New Jersey is roughly a year after Governor Phil Murphy's Energy Master Plan, which is committed to 100% clean energy across the state by 2050.
A new proposal in the Phillipsburg region aims to help achieve the government's goal of accelerating the development of renewable energies.
Phoebus Fund LLC, based in Williamstown, Gloucester County, is proposing the installation of 22 megawatts of solar power on farmland along the 1700 block of Belvidere Road in Lopatcong Township.
The proposal is unique in that the panels are installed 15 to 17 feet above the ground so that most of the land can still be farmed, according to Andrew Kennedy, partner with the Phoebus Fund. It's a concept known as agrivoltaics that has been used in Italy, Germany, Japan, and Arizona, he said.
“We can grow almost anything under these plates,” said Kennedy. “In addition, our equipment serves as the foundation for irrigation and other types of agricultural equipment so that the farm can not only continue to operate, but even improve over time.”
Kennedy described the proposal in a presentation Tuesday to Phillipsburg City Council. The Phoebus Fund wants the city to enter into a power purchase agreement for power from the array through a unique legal structure in New Jersey known as Remote Net Metering, available to public facilities.
“This allows us to sell the electricity through the net metering program to a public facility from locations that are not on a public facility property,” said Kennedy.
The city benefits include securing a clean source of energy with projected savings of nearly 40% compared to current municipal electricity costs, Kennedy said. That's equivalent to about $ 200,000 to $ 230,000 in annual savings, he said.
In turn, the property farmer receives a diversified source of income by agreeing to host the panels. The only land lost to agriculture is in a series of maintenance strips next to the panels.

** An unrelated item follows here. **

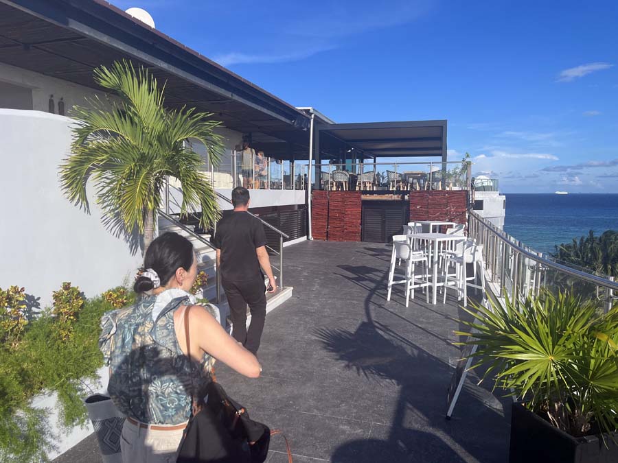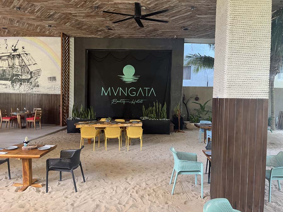 Here we arrive at "Mvngata Hotel and Rooftop Club". We didn't stay at this hotel, but we had lunch at their beachfront restaurant, and later toured the rooftop club area.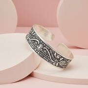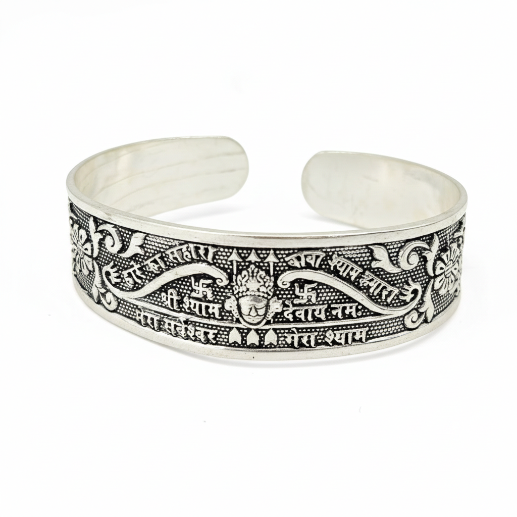 Embrace spiritual elegance with this exquisitely crafted Khatu Shyam Ji Oxidized Silver Kada, a perfect blend of faith and contemporary style. Meticulously designed with high-quality oxidized silver finish, this adjustable cuff bracelet features intricate embossed detailing of the sacred "Haare Ka Sahara" mantra and divine symbols dedicated to Lord Shyam. The central motif showcases the revered likeness of Khatu Shyam Ji, flanked by elegant floral engravings and traditional patterns that give it a vintage, soulful appeal. Lightweight yet durable, this kada is designed for both men and women, offering a comfortable fit for daily wear or special religious occasions. Whether you are seeking a meaningful gift for a loved one or a personal talisman of protection and peace, this devotional accessory serves as a constant reminder of divine grace and strength.

The Phoebus Fund is working on 62 megawatts of solar power generation in JCP&L, representing an investment of around $ 110 million. Overall, the company plans to create approximately 2,100 construction jobs in Warren County alone, in addition to ongoing jobs to manage and maintain the sites, Kennedy said.
The city council took no action on the proposal but did answer a few questions, including the longevity of the panels. They are guaranteed to maintain at least 90% of their potential production for 25 years and are 98% recyclable, Kennedy responded to a question from Councilor Danielle DeGerolamo.
Rob Bengivenga Jr., Phillipsburg's company administrator, told lehighvalleylive.com that there is no timeline to delve into the proposal and that the city is conducting its due diligence on the idea.
“We want to make sure Phillipsburg has no risk and only benefits,” he said.
Kennedy also presented the idea to Lopatcong Town Council. No decision was made there either, said Mayor James Mengucci.
“To be honest, I found it interesting myself,” said Mengucci. “It's definitely something new.”
According to Kennedy, New Jersey will need to install about 1,000 megawatts of solar power annually for the next 15 years, and then 400 megawatts per year to meet the governor's goal. Last year, around 200 megawatts of solar power were installed in the state, Kennedy said.
“In partnership with government agencies, we look forward to actively working towards the New Jersey clean energy goals while supporting the New Jersey economy, creating local jobs and receiving the financial benefits of solar power savings at home,” he said.